If a patient is a gBRCA1/2 mutation carrier with PD-L1 CPS ≥ 10 mTNBC, we still prefer to use ICIs first given the consistency of data showing durability of response that is likely to be achieved in the frontline setting with an intact immune system, and confirmed OS benefit [7, 13–15, 41]. There is also a real risk of losing immunotherapy benefit if it is postponed to later lines, whereas PARP inhibitors have PFS benefit even in later-line settings. Although the OlympiAD extended follow-up data indicate an OS benefit in the frontline setting, this analysis was post hoc, which has inherent limitations and lacks statistical power, thus results must be interpreted with caution. Based on the above, it is crucial to obtain information on PD-L1 status for appropriate management in first-line setting with PD-L1 inhibitors. The proposed algorithm in Figure 2 provides a framework for therapy in mTNBC patients who are gBRCA mutation carriers. Of note, a recent Italian BC expert consensus on the management of mTNBC aligns with our viewpoint [42].
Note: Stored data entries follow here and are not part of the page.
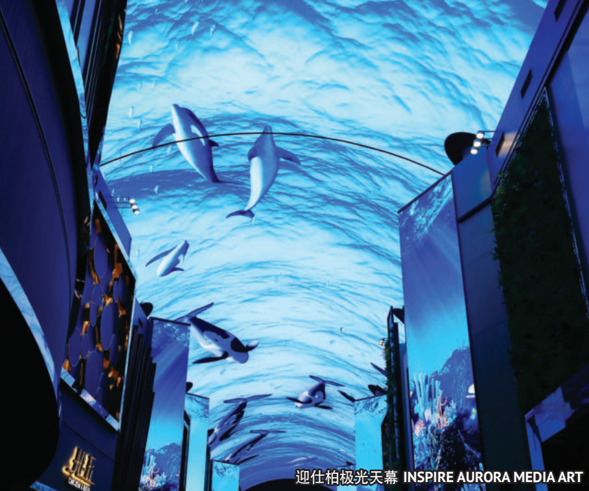
迎仕柏极光天幕 INSPIRE AURORA MEDIA ART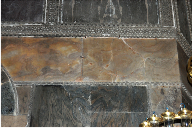
Fig. 5. Hagia Sophia, nave pier: left, giallo di Siena marble; right, onyx; below, Carystos marble ( cipollino )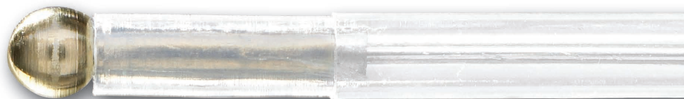
Ball Tip Fulgurating Electrode

* Begin by setting the power low. Gradually increase the power until the desired electro-surgical effect is achieved.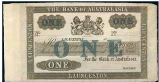
2733* Bank of Australasia , printer's proof for one pound (circa 1838) Launceston 18- No- (MVR type 1b) imprint Ashby & Co. London, two colour printed, green denomination on black main print. Large left margin with one cm tear, otherwise extremely fine and excessively rare, the only example we have seen by this printer. $20,000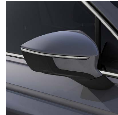
Dolphin Grey 2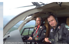
En Route to Ottawa, ON

FAI Exceptional Air Sports Performance: First Canadian Circumnavigation in Helicopter Guinness World Record: First Father and Son to Circumnavigate the World by Aircraft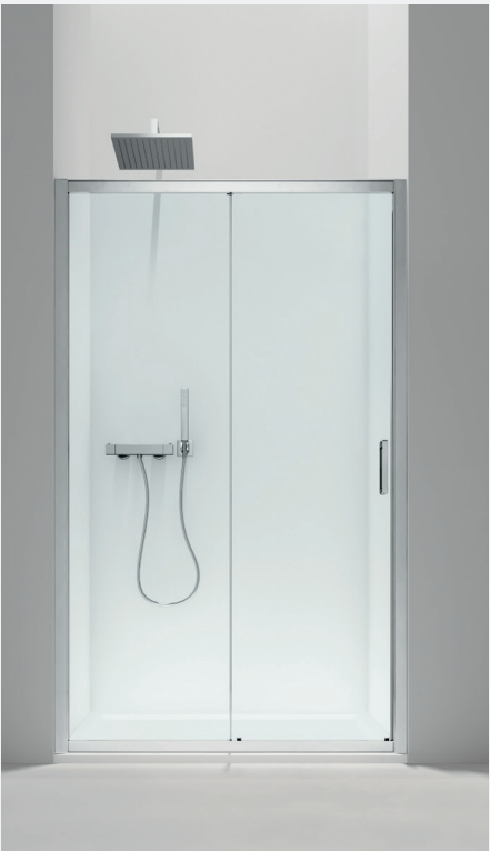
A6_1000 Box doccia / Shower cubicle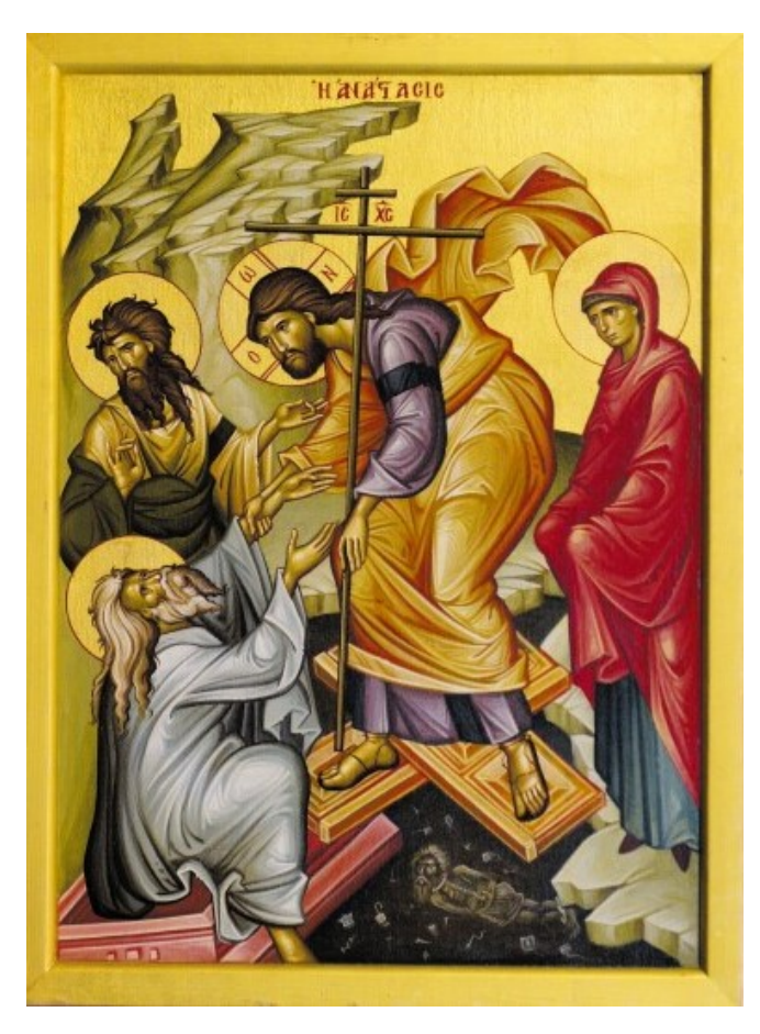
Great And Holy Pascha April 16

Finally, treatment decisions should be tailored to each patient’s unique risk of adverse events, preferences, and available treatment resources.
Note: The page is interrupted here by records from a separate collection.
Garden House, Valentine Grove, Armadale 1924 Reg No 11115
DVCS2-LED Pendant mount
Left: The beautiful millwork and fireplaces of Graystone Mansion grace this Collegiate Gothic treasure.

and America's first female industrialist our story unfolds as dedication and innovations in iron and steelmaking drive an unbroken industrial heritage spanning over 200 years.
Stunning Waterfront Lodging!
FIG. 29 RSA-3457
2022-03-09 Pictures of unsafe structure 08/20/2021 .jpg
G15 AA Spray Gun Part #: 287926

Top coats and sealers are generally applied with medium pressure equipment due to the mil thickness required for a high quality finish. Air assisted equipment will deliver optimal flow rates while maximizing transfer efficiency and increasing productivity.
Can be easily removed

In conclusion, this paper highlights the challenges in selecting frontline treatment for mTNBC patients with gBRCA mutation and emphasizes the need for future trials to directly compare ICIs and PARP inhibitors in this specific patient population. Such trials would provide essential insights to guide clinical decision-making and optimize treatment outcomes.

While Table 1 summarizes practical differences between ICIs and olaparib, we caution the reader that this is not a cross-trial comparison, and the current paper is not intended to conduct any comparative analysis between trials.